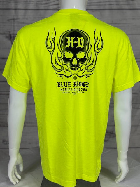 Turn up the intensity with the Harley-Davidson Rad Skull Tee in safety yellow. This high-impact shirt features a fierce, mechanical skull graphic tearing through stylized flames and bold H-D lettering on the front. The back showcases a flaming skull with the Blue Ridge Harley-Davidson logo, making it loud, fearless, and impossible to miss. If you want to stand out while repping serious attitude, this tee gets the job done.
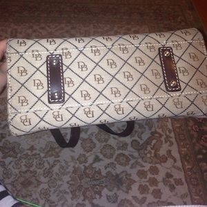 Monogram Dooney & Bourke tote is brown/tan. It was only carried a couple of times. It has a pocket with a zipper in the middle of the bag and has another pocket in the inside of the bag. The bag is spacious and has brown handles. It also has a snap for closure. Ask any questions before buying!
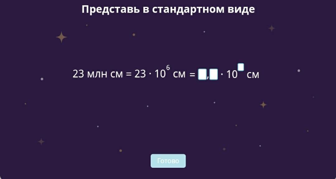 например, число 2000 можно записать как 2⋅1000, или 2⋅103. Степень 10 (в данном случае «3») показывает, сколько нулей нужно приписать справа за первым множителем (в нашем примере — «2»).
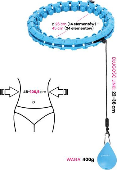 Rozmiar można ustawić w zakresie od 14 do 24 elementów, czyli obwód w talii od 48 cm do 106,5 cm (średnica pętli: 26 cm do 45 cm).
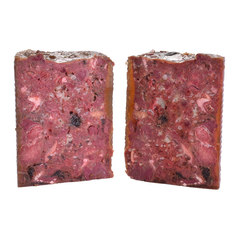 Paté sin cereales con gran contenido de carne para perros adultos.
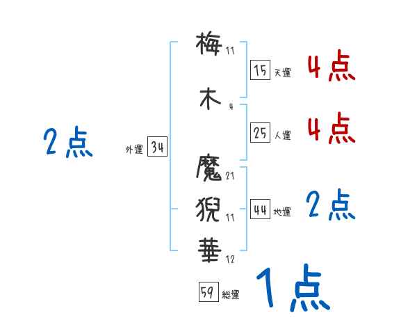 梅木魔猊華さんの画数の鑑定結果
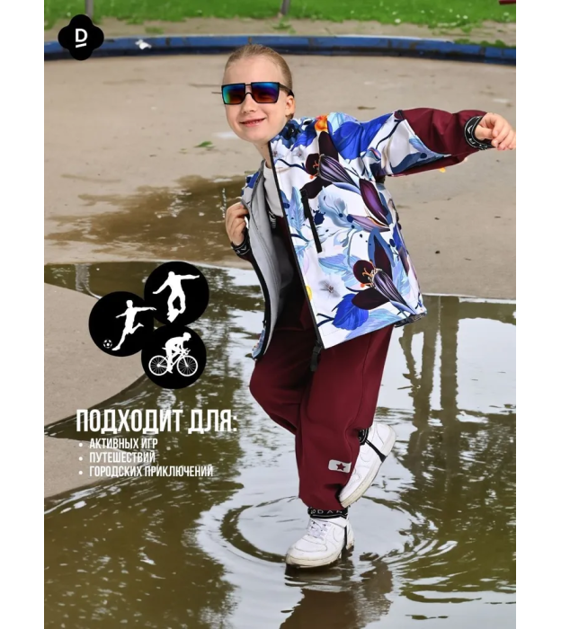 Куртка, Весна-Осень, SoftShell, ЦВЕТЫ НА БЕЛОМ арт. 705С
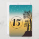 Invitaciones de Dulces 16 con Puesta de Sol Rosa y Luces Estrelladas Invitaciones Temáticas de Playa de Palmeras Diseñadas por Dream Big Digital Design
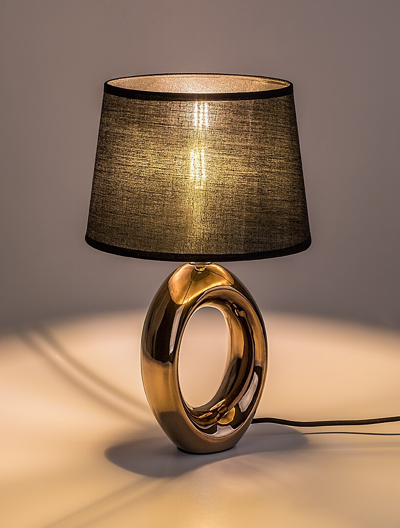 Rabalux Dalora stolna svjetiljka preporučuje se onima koji vole moderne svjetiljke jedinstvenog dizajna. Ovaj upečatljiv model može se postaviti u spavaću sobu ili dnevni boravak. Ima ovalno postolje s otvorom u sredini, izrađeno od keramike u brončanoj boji. Sjenilo je crno, cilindrično, lagano prošireno prema dolje, izrađeno od tekstila. Svjetiljka radi s jednom žaruljom snage do 25 W. Vrsta grla: E14. Možete odabrati izvor svjetla koji emitira toplo ili prirodno bijelo svjetlo. Zahvaljujući tamnom sjenilu, svjetiljka omogućuje diskretnu rasvjetu, što je čini savršenim izborom ako ne želite ometati partnera jakim svjetlom tijekom noći. Noćna svjetiljka ima crni tekstilni kabel i prekidač na kabelu. Isporučuje se bez izvora svjetla.
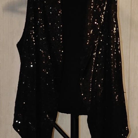 Paljetti-ja helmikirjailtu samettiliivi, koko n.S-M, Pituus olalta helmaan 49cm, kainalosta kainaloon mitta 43cm.

WHAT IS BEING ASKED
The output should be the lines from the one with "Invitaciones de Dulces" through the end of the material above, both ends included, printed exactly and nothing else. Drop the pictures.

RESULT OF THE TASK
 Invitaciones de Dulces 16 con Puesta de Sol Rosa y Luces Estrelladas Invitaciones Temáticas de Playa de Palmeras Diseñadas por Dream Big Digital Design
 Rabalux Dalora stolna svjetiljka preporučuje se onima koji vole moderne svjetiljke jedinstvenog dizajna. Ovaj upečatljiv model može se postaviti u spavaću sobu ili dnevni boravak. Ima ovalno postolje s otvorom u sredini, izrađeno od keramike u brončanoj boji. Sjenilo je crno, cilindrično, lagano prošireno prema dolje, izrađeno od tekstila. Svjetiljka radi s jednom žaruljom snage do 25 W. Vrsta grla: E14. Možete odabrati izvor svjetla koji emitira toplo ili prirodno bijelo svjetlo. Zahvaljujući tamnom sjenilu, svjetiljka omogućuje diskretnu rasvjetu, što je čini savršenim izborom ako ne želite ometati partnera jakim svjetlom tijekom noći. Noćna svjetiljka ima crni tekstilni kabel i prekidač na kabelu. Isporučuje se bez izvora svjetla.
 Paljetti-ja helmikirjailtu samettiliivi, koko n.S-M, Pituus olalta helmaan 49cm, kainalosta kainaloon mitta 43cm.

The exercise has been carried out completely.